▸ Dataset extract
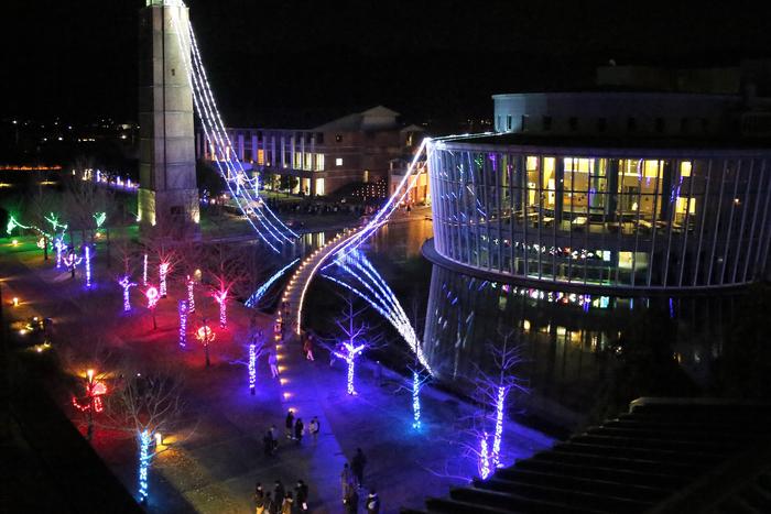 香美キャンパスの景観を生かし、約3万個のLEDを使用して彩るキャンパスイルミネーションは今年で16回目を迎え、テーマを「光のアクアリウム」としています。 ガラス張りの図書館と池の水の反射を利用したシャドーアート、片地小学校児童たちが描いたペーパーバックに灯をともし、かわいらしく暖かく浮かび上がるクリスマスイベント限定の装飾も通常のイルミネーションに加え華を添えました。
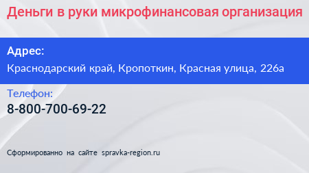 Деньги в руки, микрофинансовая организация по адресу Краснодарский край, Кропоткин, Красная улица, 226а в дальнейшем Организация, размещена в следующих категориях:
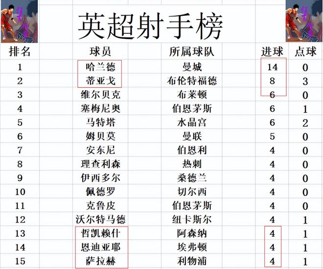 射手榜方面,哈兰德今天虽然失点,但最后也打入了一球,14球继续稳居榜首。蒂亚戈梅开二度,超过塞梅尼奥2球独居第2,落后榜首的哈兰德6球。维尔贝克,塞梅尼奥,马特塔6球并列第3。萨拉赫无力破门,还是和理查利森,哲凯赖什等人4球刚好挤入前十。
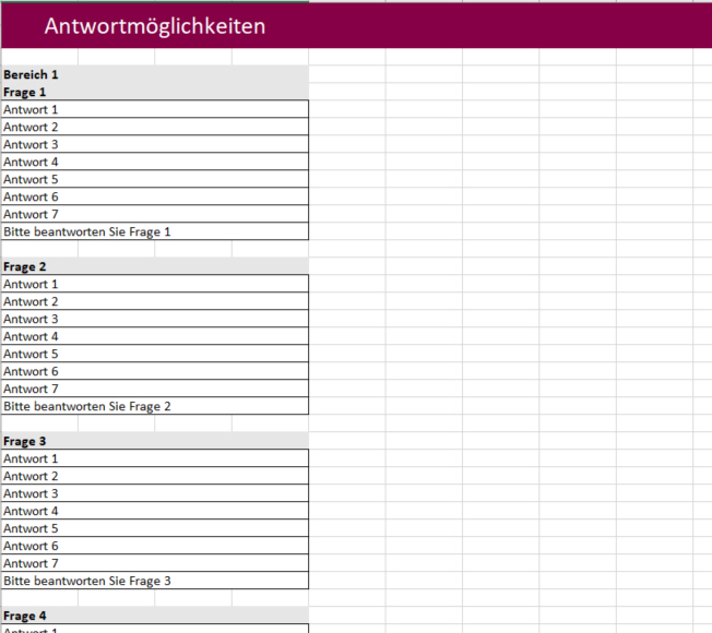 Die Anzahl der Antwortmöglichkeiten kann dabei natürlich Ihren Wünschen angepasst werden. Um den Fragebogen ggf. nochmals für weitere Themen zu verwenden, nutze ich oft eine große Anzahl an Felder, die ich für beliebige Antwortmöglichkeiten füllen kann. Sollte ich diese Felder nicht benötigen, lasse ich diese einfach leer. Für die Benutzerfreundlichkeit steht am Ende meiner Liste immer die sinngemäße Aussage „Bitte beantworten Sie…“. Diese wird als Platzhalter am Ende des Antwortfeldes aufgeführt.

▸ What you have to do
Excluding the pictures, retype the line containing "Деньги в руки, микрофинансовая" and all lines after it down to the end of the data above.

▸ Solution for this task
 Деньги в руки, микрофинансовая организация по адресу Краснодарский край, Кропоткин, Красная улица, 226а в дальнейшем Организация, размещена в следующих категориях:
 射手榜方面,哈兰德今天虽然失点,但最后也打入了一球,14球继续稳居榜首。蒂亚戈梅开二度,超过塞梅尼奥2球独居第2,落后榜首的哈兰德6球。维尔贝克,塞梅尼奥,马特塔6球并列第3。萨拉赫无力破门,还是和理查利森,哲凯赖什等人4球刚好挤入前十。
 Die Anzahl der Antwortmöglichkeiten kann dabei natürlich Ihren Wünschen angepasst werden. Um den Fragebogen ggf. nochmals für weitere Themen zu verwenden, nutze ich oft eine große Anzahl an Felder, die ich für beliebige Antwortmöglichkeiten füllen kann. Sollte ich diese Felder nicht benötigen, lasse ich diese einfach leer. Für die Benutzerfreundlichkeit steht am Ende meiner Liste immer die sinngemäße Aussage „Bitte beantworten Sie…“. Diese wird als Platzhalter am Ende des Antwortfeldes aufgeführt.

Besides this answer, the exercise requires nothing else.